And Kaido had his full focus on Zoro, even trying to smack him down with attacks that were also blocked by Asura.
There is no sidestepping this.


~Flow~ said:


> Afterwards when Kaido had his attention set on on Zoro he baguaed him back to the 1st floor.


I would hope so, given Zoro had already collapsed from exhaustion at that point.
I can see this is a complete waste of time.


----------



## Fujitora (Nov 19, 2021)

Sablés said:


> I can see this is a complete waste of time.


I agree, you ignored the nameless strike part and seems to think all of Kaido's attacks hold the same speed and power.

Reactions: Agree 2


----------



## Sablés (Nov 19, 2021)

~Flow~ said:


> I agree, you ignored the nameless strike part and seems to think all of Kaido's attacks hold the same speed and power.


What "nameless strike"? Kaido's *reactions *don't change and he was completely unable to counter or dodge Asura, when he had already tried to evade weaker attacks from Zoro previously.


----------



## Nighty the Mighty (Nov 19, 2021)

Sablés said:


> Katakuri isn't dodging Tatsumaki and has underwhelming durability. Nothing has changed. Just makes Katakuri the embarassment among the First mates.


back to the bleach section

Reactions: Agree 2 | Funny 1 | Winner 2 | Tier Specialist 1


----------



## A Optimistic (Nov 19, 2021)

@Sablés  post in this section more

Reactions: Funny 1 | Friendly 1 | Lewd 1


----------



## Nighty the Mighty (Nov 19, 2021)

Future sight is the only real question here.

Reactions: Agree 1


----------



## Sablés (Nov 19, 2021)

Nighty the Mighty said:


> back to the bleach section


Whenever and wherever a sword chad is in need, I am there.

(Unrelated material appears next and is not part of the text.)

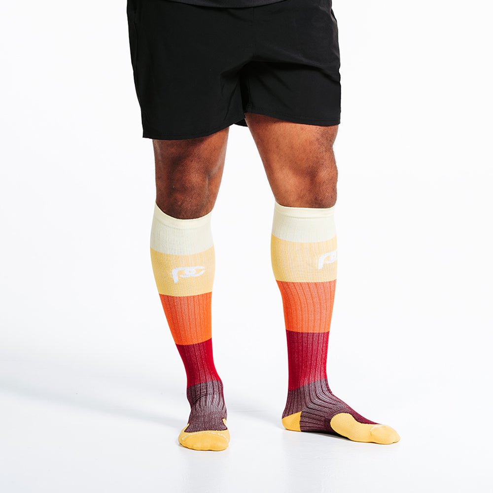 A highlight of our State of Mind Collection, these over-the-calf compression socks boast a weave of stunning Utah sunset colors inspired by the Beehive State.

Reactions: Funny 2 | Winner 1


----------



## Nighty the Mighty (Nov 19, 2021)

Sablés said:


> Whenever and wherever a sword chad is in need, I am there.


What would Sanji's Zanpakuto be?


----------



## Fujitora (Nov 19, 2021)

Sablés said:


> What "nameless strike"? Kaido's *reactions *don't change and he was completely unable to counter or dodge Asura, when he had already tried to evade weaker attacks from Zoro previously.


Kaido didnt react to Killer's attack either, I guess Killer trashes Katakuri and can tag Luffy too now.

The nameless strike is the downward swing he was doing here 



Also your argument of dodging is moot as Kaido rarely dodges attacks, he did it once against Hiryu Kaen and that was because BM told him to.

Reactions: Winner 2


----------



## A Optimistic (Nov 19, 2021)

Can Katakuri even get up from oni giri?


----------



## OG sama (Nov 19, 2021)

Fisherman John West said:


> Its lands, and it won't be countered considering it overpowered Kaido twister to land and cut past Kaido scales
> 
> Katakuri loses to this alone, he ain't King level of power or durability, lost to WCI who got negged diff by Big Mom


Katakuri isn’t getting one shotted, I don’t know what manga you have been reading to think this but it ain’t One Piece.

I shouldn’t even have to explain this, minor superficial damage to Kaido isn’t equivalent to one shotting a YC1 level character. That same attack did Jack shit to King when he blocked it, if you think Odas intentions was for Katakuri to be a complete fodder to King and other YC1 level characters you are sadly sadly mistaken.

Reactions: Winner 3


----------



## Fujitora (Nov 19, 2021)

A Optimistic said:


> Can Katakuri even get up from oni giri?

Reactions: Funny 1


----------



## Nighty the Mighty (Nov 19, 2021)

A Optimistic said:


> Can Katakuri even get up from oni giri?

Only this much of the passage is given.